The laboratory tests, known as polysomnography, measure up to 20 different parameters, compared to four in home tests. Small, thin electrodes and other sensors are placed at specific locations on the body to take a variety of readings throughout the night. These locations may include the scalp to track brain waves; under the chin to measure fluctuations in muscle tension (to create a recording called an electromyogram or EMG); near the eyes to measure eye movements; near the nostrils to measure airflow; on the earlobe or finger to measure the amount of oxygen in the blood (using a device called an oximeter); on the chest or back to record heart rate and rhythm; on the legs to record jerks or jerks; and on the muscles of the ribs or around the rib cage and abdomen to control breathing.

The readings are compiled into a single printout (called a polysomnogram) and analyzed by a technician and doctor. If a breathing problem is detected early, you may be awakened and given treatment during the second half of the night. This allows sleep experts to monitor how well the treatment works for you. In rare cases, this process requires two nights.

If disorders other than sleep apnea are suspected, audio and video recordings or additional daytime sleep testing may be performed.

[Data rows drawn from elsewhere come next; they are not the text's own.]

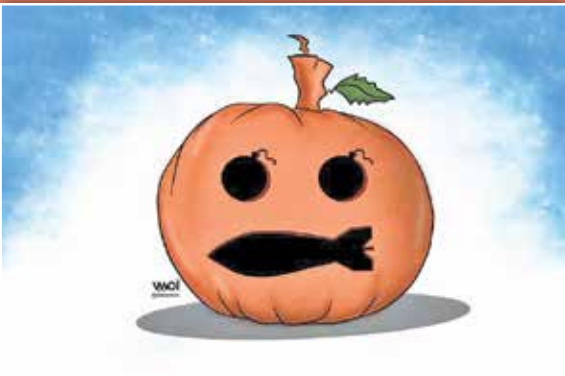
طرح: امین الحباره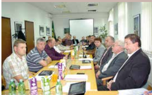
Prihvaćena darovnica Kameničke župe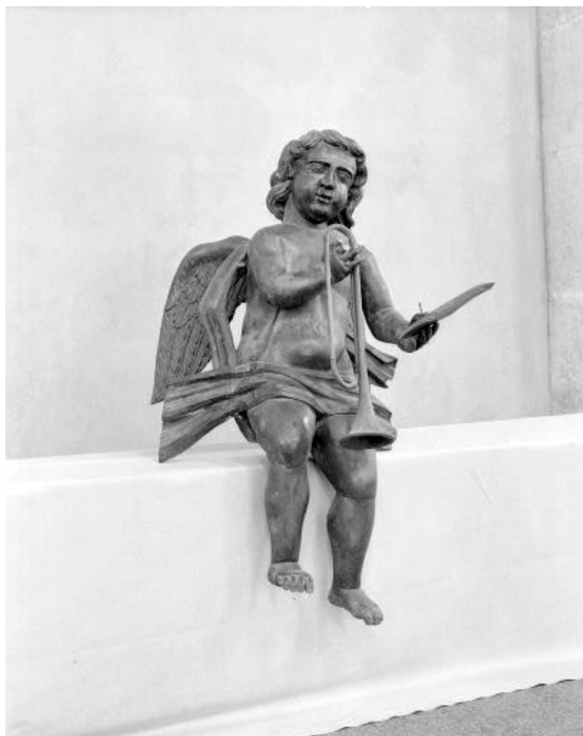
Détail : ange jouant de la trompette, vue de trois quarts.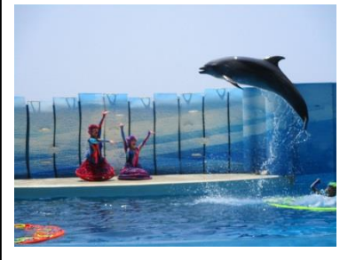
△水族館でのイルカショー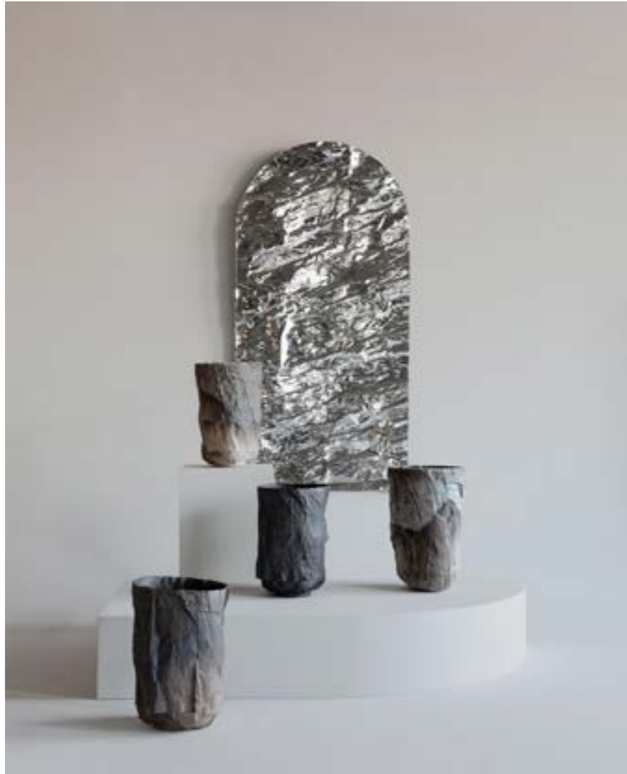
FROISSÉ , armoire murale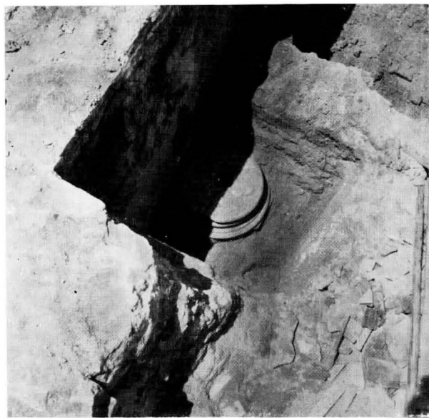
FIG. 11 - BASE DELLA COLONNINA DI DESTRA DELL'EDICOLA DELLA TORAH, NASCOSTA DALL'AMPLIAMENTO DEL PODIO

note, si rinvenga qualche iscrizione commemorante la pietà dei fedeli che a loro spese fecero decorare con pavimenti musivi il luogo di culto.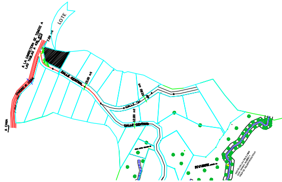
DETALLE DE AMARRE ESCALA 1:5,000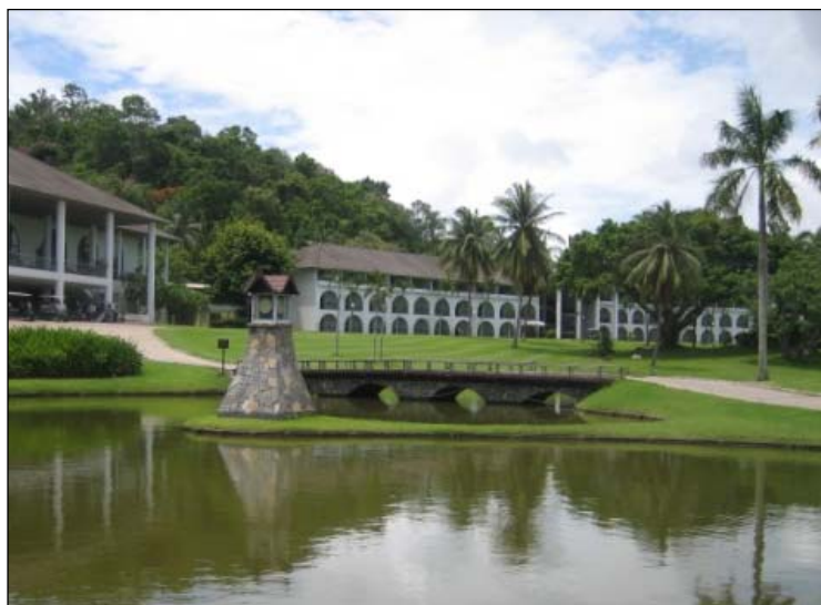
รูปที่ 3. 4(3) ทศนิยมภาพและสุนทรียภาพ อาคารของ โครงการฯ ได้มีการออกแบบตาม สภาพภูมิประเทศ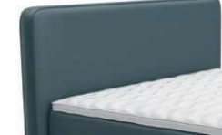
0383 Höhe 116 cm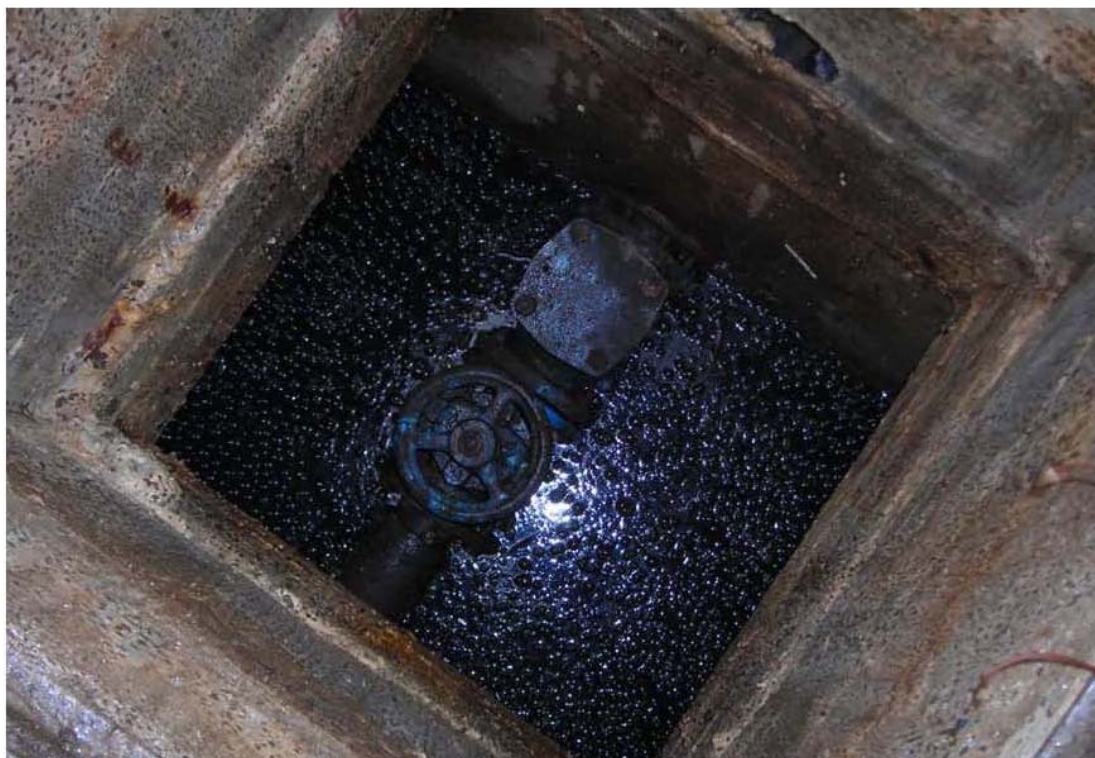
Fotografia 03 – Camera di manovra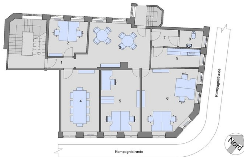
Kompagnistræde 20A, 1.tv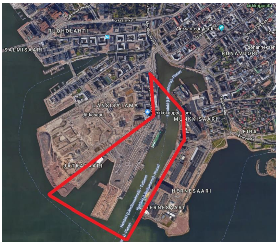
Kuva 1. Ilmakuva Länsisataman alueesta. Satama-alue rajattu punaisella värillä.

Länsisatama sijaitsee Ruoholahden kaupunginosan eteläpuolella Jätkäsaaren rakentuvan kaupunginosan kanssa samalla niemenkärjellä (kuva 1). Länsisatamaan kuuluvia laitureita sijaitsee myös viereisellä Hernesaaren niemellä, joka on satamaltaan toisella puolella. Liikenneyhteydet Länsisatamaan ovat lännen suunnasta hyvät, sillä satama-alueen läheltä alkaa Länsiväylä. Idän suunnasta lähestyminen tapahtuu sen sijaan kaupungin keskustan kautta. Asuin-, toimisto ja majoitusrakennuksia sijaitsee satama-alueen lähellä useilla eri asuinalueilla.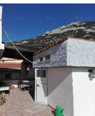
uitzicht vanaf dakterras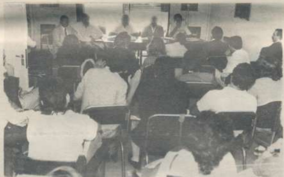
Todos los miércoles en reunión plenaria se debate la problemática gremial de los distintos bancos y la política gremial de nuestra Asociación.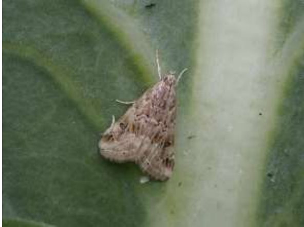
写真1 ハイマダラノメイガ成虫 (体長は約10mm)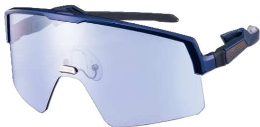
中村 心 選手着用モデル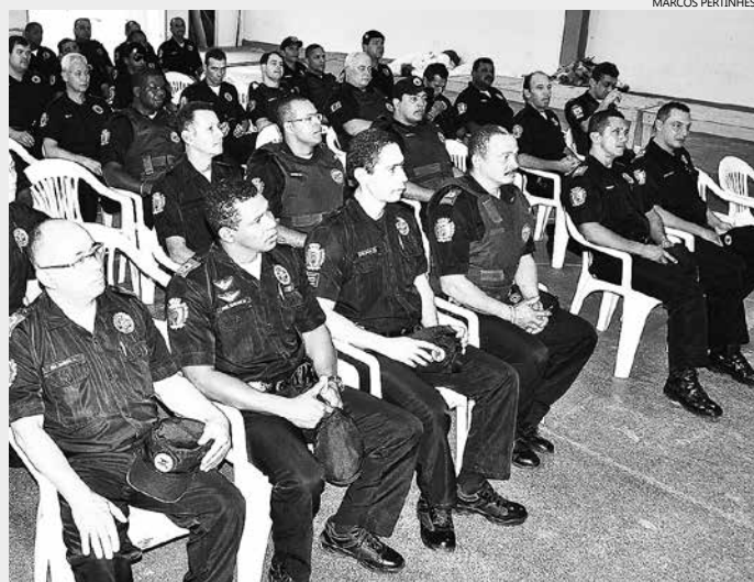
GCM de Bertioga conta com 87 agentes efetivos. Desse total, 66% estão aptos para uso e porte de arma de fogo

O processo para o armamento da Guarda Civil Municipal (GCM) está em fase final. Entre os próximos dias 08 e 10 e dia 14, a última turma de GCMs estará participando das aulas teóricas e práticas do curso de Capacitação e Armamento de Tiro, que será realizada na sala anexa à Secretaria de Educação, no Paço Municipal (Rua Luiz Pereira de Campos, 901 – Centro), das 8h às 17 horas. Bertioga será a segunda cidade da região Metropolitana da Baixada Santista a contar com guardas civis armados. A primeira é Praia Grande.

Understanding the results of your sleep study

TwovaluesThey are used to measure the severity of sleep apnea:

  • Apnea-hypoxia index (AHI) is the number of times per hour you experience apnea (when you stop breathing completely for 10 seconds or more) or hypopnea (when your breathing is reduced to 30% to 50% below your normal breathing rate).

The AHI value is used to determine the severity of apnea as follows:

    • none or minimum = less than 5
    • mild = between 5 and less than 15
    • moderate = between 15 and less than 30
    • severe = 30 or more

  • Oxygen saturation level isthe percentage of oxygen in the blood. A normal blood oxygen level is usually between 96% and 97% for people living at sea level.
    • mild is a reduction between 88% and 90%
    • moderate is below 88%
    • severe is below 80% and lasts at least 10 minutes

Generally (but not always), the higher your AHI, the lower your oxygen saturation. But there can be a range within different levels of severity. For example, two people with moderate apnea may have very different oxygen drops depending on how long each pause in breathing lasts.

When oxygen saturation levels drop below 80% for 10 minutes or more overnight, it is considered a more urgent case requiring more immediate treatment with positive airway pressure.

It is important to note that people with lung conditions such as COPD tend to have lower than normal oxygen saturation values, sometimes between 80 and 90 degrees. For people with these conditions, the goal of sleep apnea treatment is to restore oxygen saturation levels to their baseline values, not to those of a healthy person without any lung disease.

Sleep studies performed at home and in the laboratory can provide information to diagnose and treat sleep apnea. Home tests offer convenience for people with simple cases, while a sleep lab provides a more detailed evaluation when other health problems are involved. Whichever you choose, getting tested is a crucial first step to better sleep and better health.